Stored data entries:
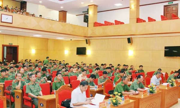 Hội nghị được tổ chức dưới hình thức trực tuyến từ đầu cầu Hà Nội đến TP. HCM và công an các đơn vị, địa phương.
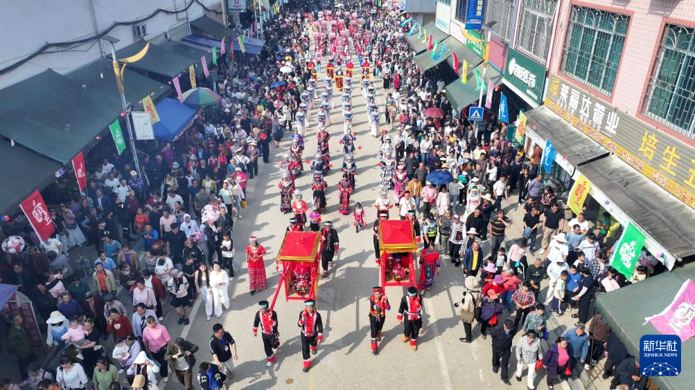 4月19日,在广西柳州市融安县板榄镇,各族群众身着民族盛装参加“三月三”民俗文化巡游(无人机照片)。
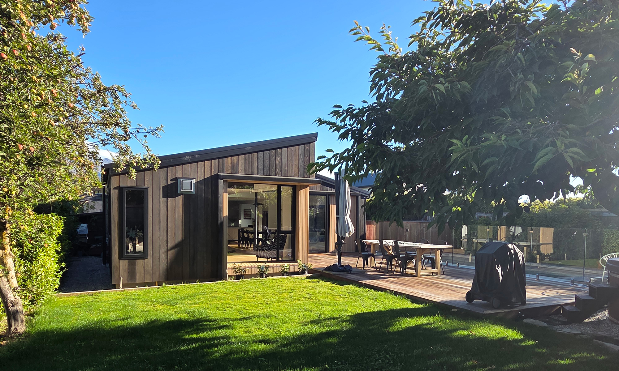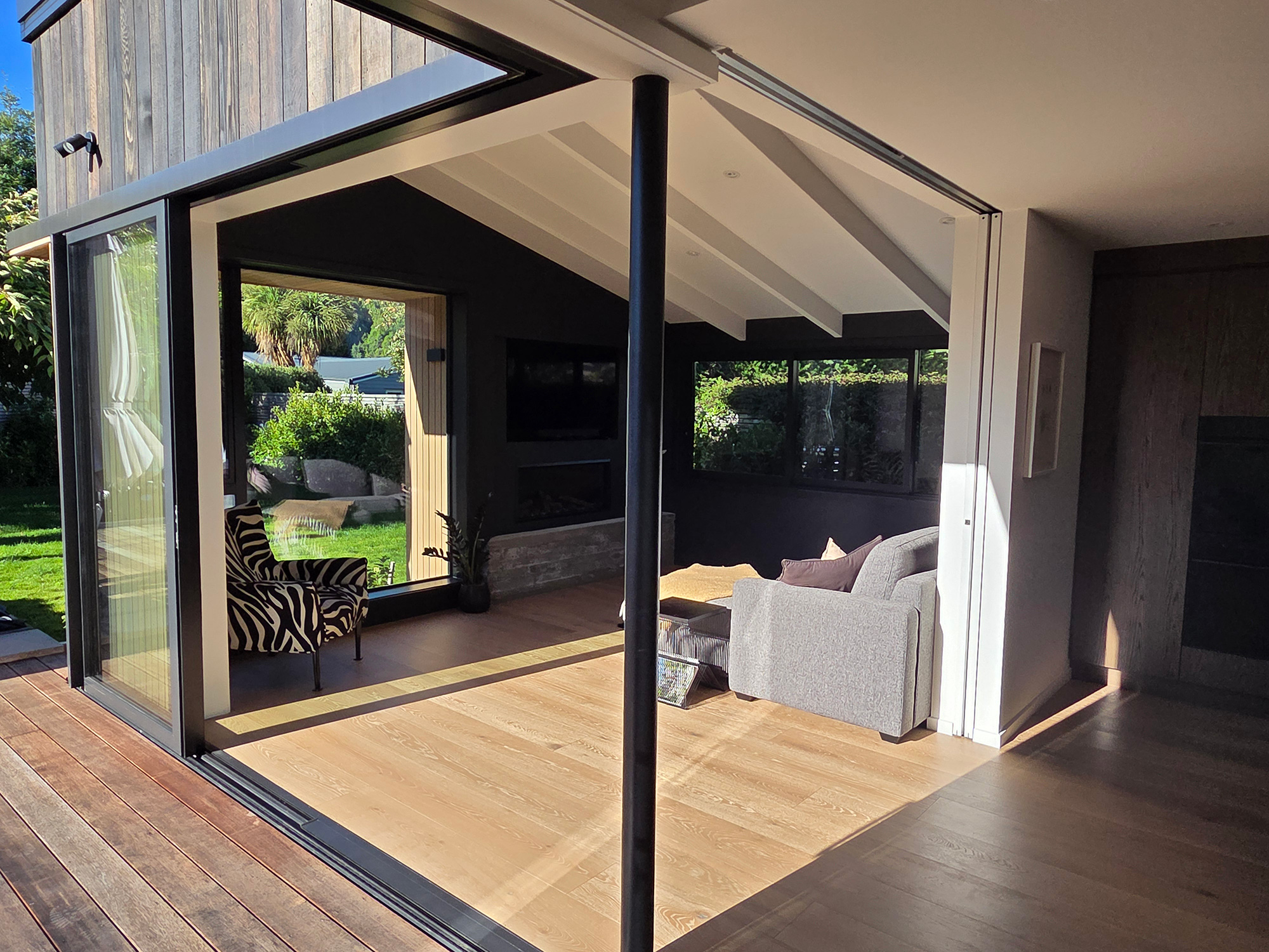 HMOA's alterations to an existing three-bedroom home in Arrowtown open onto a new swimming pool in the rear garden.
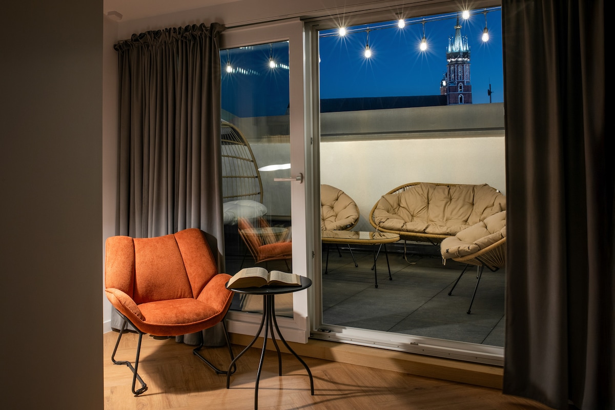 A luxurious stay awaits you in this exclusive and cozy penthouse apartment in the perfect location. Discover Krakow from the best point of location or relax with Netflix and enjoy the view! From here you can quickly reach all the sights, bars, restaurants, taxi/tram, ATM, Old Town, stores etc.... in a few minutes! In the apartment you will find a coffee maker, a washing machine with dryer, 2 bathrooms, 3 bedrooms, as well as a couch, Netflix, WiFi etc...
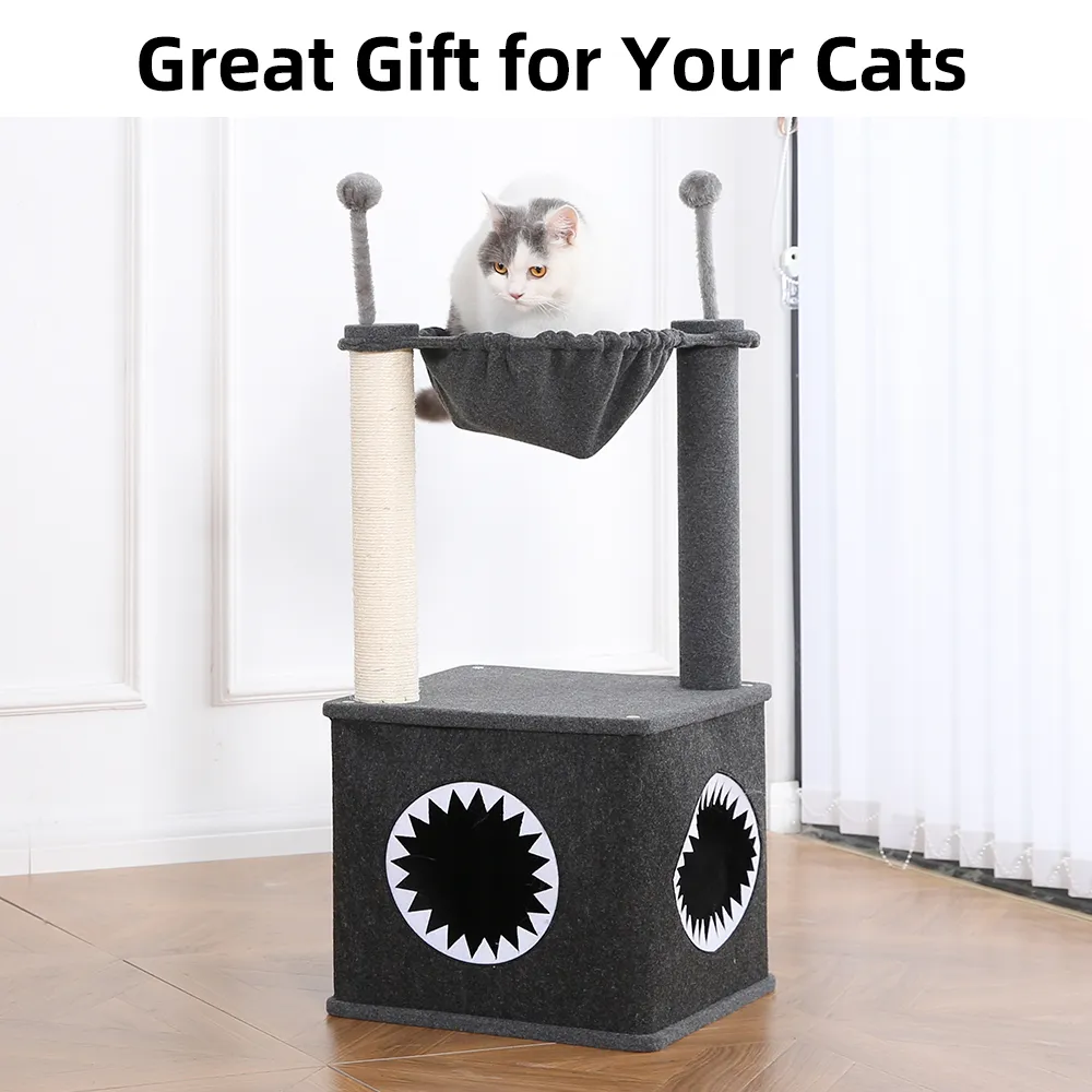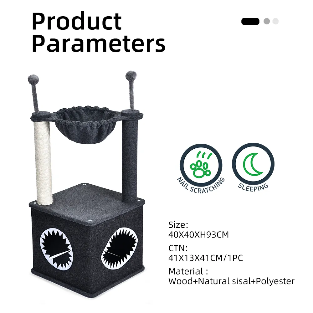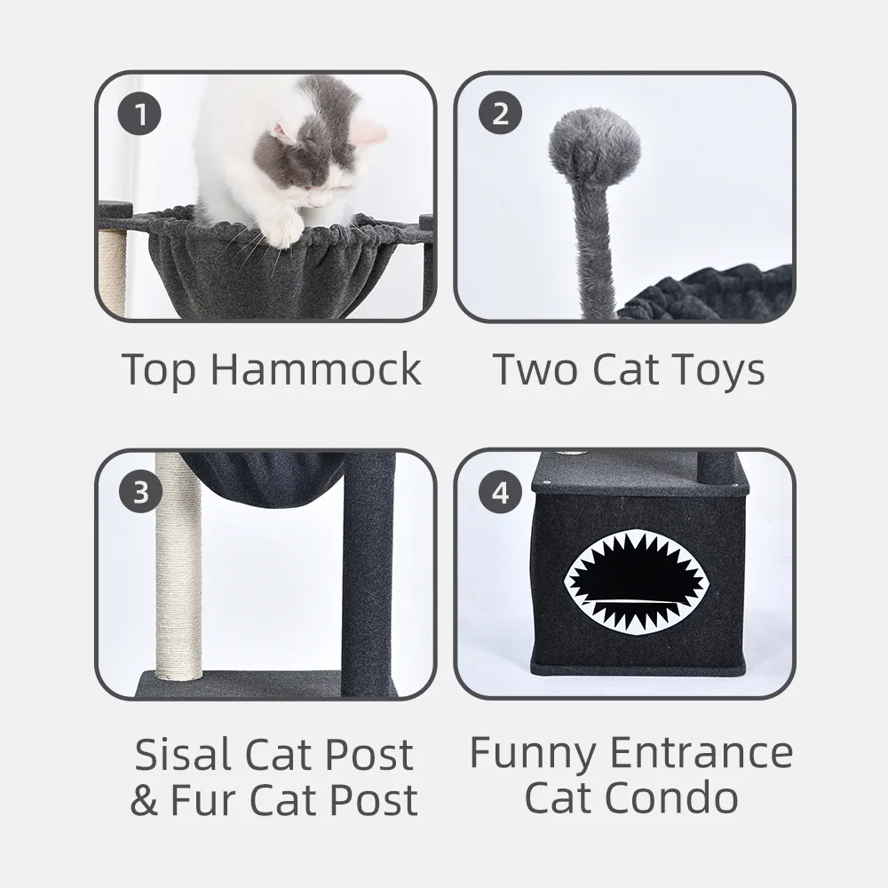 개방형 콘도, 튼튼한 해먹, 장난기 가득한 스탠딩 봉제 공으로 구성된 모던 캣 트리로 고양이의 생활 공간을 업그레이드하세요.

YOUR TASK —
The answer is the full set of records printed exactly, less the pictures.

THE ANSWER —
 Hội nghị được tổ chức dưới hình thức trực tuyến từ đầu cầu Hà Nội đến TP. HCM và công an các đơn vị, địa phương.
 4月19日,在广西柳州市融安县板榄镇,各族群众身着民族盛装参加“三月三”民俗文化巡游(无人机照片)。
 HMOA's alterations to an existing three-bedroom home in Arrowtown open onto a new swimming pool in the rear garden.
 A luxurious stay awaits you in this exclusive and cozy penthouse apartment in the perfect location. Discover Krakow from the best point of location or relax with Netflix and enjoy the view! From here you can quickly reach all the sights, bars, restaurants, taxi/tram, ATM, Old Town, stores etc.... in a few minutes! In the apartment you will find a coffee maker, a washing machine with dryer, 2 bathrooms, 3 bedrooms, as well as a couch, Netflix, WiFi etc...
 개방형 콘도, 튼튼한 해먹, 장난기 가득한 스탠딩 봉제 공으로 구성된 모던 캣 트리로 고양이의 생활 공간을 업그레이드하세요.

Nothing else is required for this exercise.